Scientific classification
- Kingdom: Plantae
- Clade: Tracheophytes
- Clade: Angiosperms
- Clade: Eudicots
- Clade: Asterids
- Order: Apiales
- Family: Apiaceae
- Genus: Perideridia
- Species: P. gairdneri
- Binomial name: Perideridia gairdneri (Hook. & Arn.) Mathias
- Synonyms: Atenia gairdneri Hook. & Arn. 1839 ; Carum gairdneri (Hook. & Arn.) A.Gray 1868 ; Edosmia gairdneri (Hook. & Arn.) Torr. & A.Gray 1840 ;

= Perideridia gairdneri =

- Genus: Perideridia
- Species: gairdneri
- Authority: (Hook. & Arn.) Mathias

Species of flowering plant

Perideridia gairdneri is a species of flowering plant in the family Apiaceae known by the common names common yampah, Gardner's yampah and Squaw root. It is native to western North America from southwestern Canada to California to New Mexico, where it grows in many types of habitat. It is a perennial herb which grows to around .6–1 m. Its slender, erect stem grows from cylindrical tubers measuring up to 8 centimeters long. Leaves near the base of the plant have blades up to 35 centimeters long which are divided into many narrow, subdivided lobes. Leaves higher on the plant are smaller and less divided. The inflorescence is a compound umbel of many spherical clusters of small white flowers. These yield ribbed, rounded fruits each a few millimeters long.
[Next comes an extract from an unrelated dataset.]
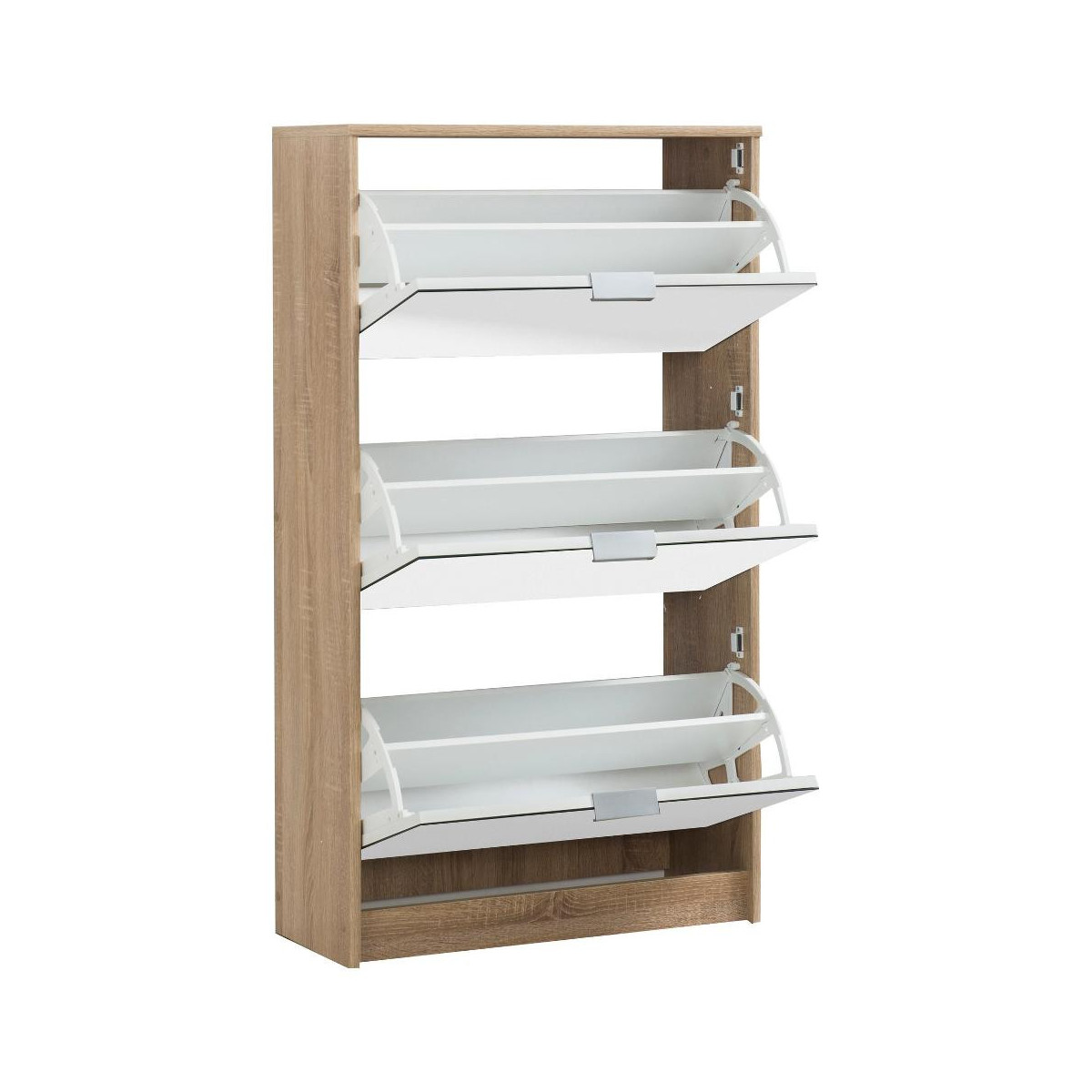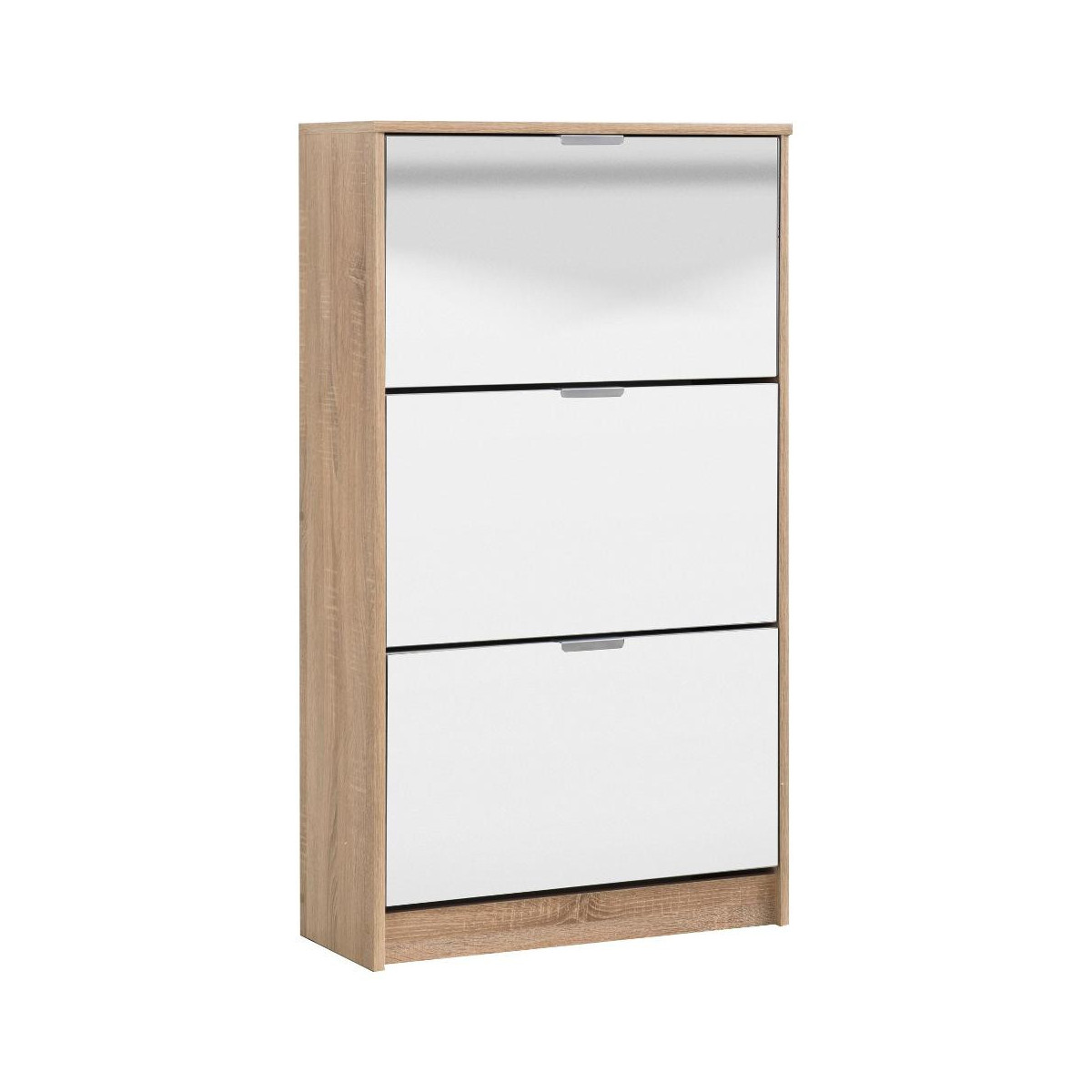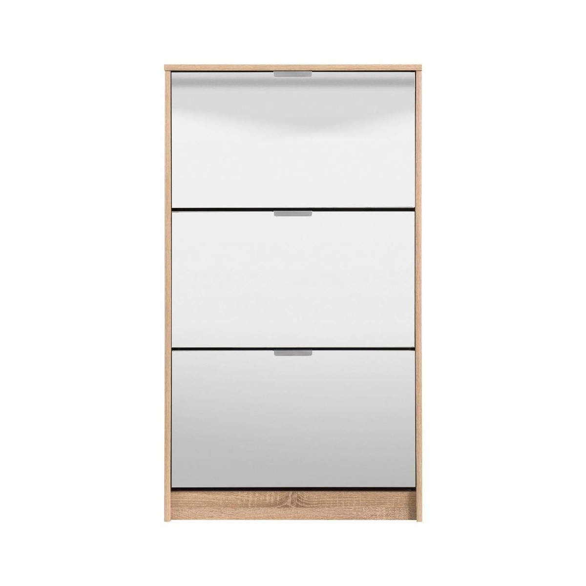 Kit Furniture Iceland Scarpiera, 18 Paia, Frontale con Specchio, 3 Ante Ribalta, 67x28x119 cm, Sonoma

The entire plant is edible, but caution should be maintained as it has a similar appearance to the carrot family's deadly water hemlock and poison hemlock. It was an important food plant, even a staple food, for many Native American groups, including the Blackfoot, Northern Paiute, Cheyenne and Comanche. It would seem certain that the term yampa would be a version on the Comanche name for the tuber, variously yap, and yampa. One of the main divisions of the Comanche, the Yapainuu, were named the yap eaters, whose chief was the famous Ten Bears. More commonly referred to as the Yamparikas, this division roamed in the Northern Oklahoma area in historic times. The tuberous roots could be eaten like potatoes, roasted, steamed, eaten fresh or dried, made into mush or pinole, used as flour and flavoring, and were also used medicinally. Meriwether Lewis encountered the plant in 1805 and 1806, referring to it as a species of fennel.

This food root is called cawíitx in Nez Perce, sawítk in Sahaptin and yap in Comanche. Blackfoot Indians knew the root by the name nits-ik-opa ("double root") and by those tribes of the Pacific Northwest as either yampa, ipo, or sa'-hweet.